9.6. Сьюзен Майселас, пример инсталляции на выставке «Курдистан: в тени истории». С разрешения Сьюзен Майселас

Экспозиция «Курдистан» участвовала во множестве выставок, и Майселас специально искала способы подчеркнуть материальную и социальную функцию собранных ею изображений и предметов, сделать осязаемым «ощущение времени, работающего в выжившем», чередуя теплые страницы альбома с холодными, демонстрируя острые грани, царапины и разбитые стеклянные тарелки (ил. 96)21. «Я подчеркиваю фотографию как предмет, артефакт, однажды снятый, а сейчас стареющий и меняющий цвет»22, – пишет она.

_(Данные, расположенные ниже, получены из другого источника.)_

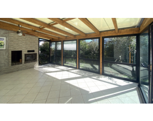 Angrenzend an das Wohnzimmer befindet sich der Wintergarten, der mit seinem offenen Kamin besonders an kühlen Tagen eine angenehme Atmosphäre schafft. Von hier aus gelangen Sie direkt auf die Terrasse und in den weitläufigen Garten.

Демонстрируя оригинальные, иногда потрепанные и обгоревшие фотографии и предметы в стеклянных витринах и на стенах, экспозиция «Курдистан» возвращает это ощущение материальности. Изображения людей, держащих в руках или носящих на себе собственные фотографии или фото членов своей семьи, включая снимки их рук, подчеркивают тактильность собранных предметов и словно бы вытягивают из посетителя тактильные желания. Такая демонстрация помогает изображениям выйти за собственные рамки, став свидетельством о социальной реальности. В качестве предметов-свидетелей они становятся документами повседневной жизни, информируя об актах воплощенного обмена опытом в сообществе, в котором играли важную материальную роль. Они могут намекать на особенности семейной или общинной жизни и свидетельствовать о культурном взаимодействии, которому они сами обязаны появлением на свет и сохранением, – о встречах с колонизаторами, миссионерами, журналистами и антропологами, а также с архивистами и собирателями вроде Майселас.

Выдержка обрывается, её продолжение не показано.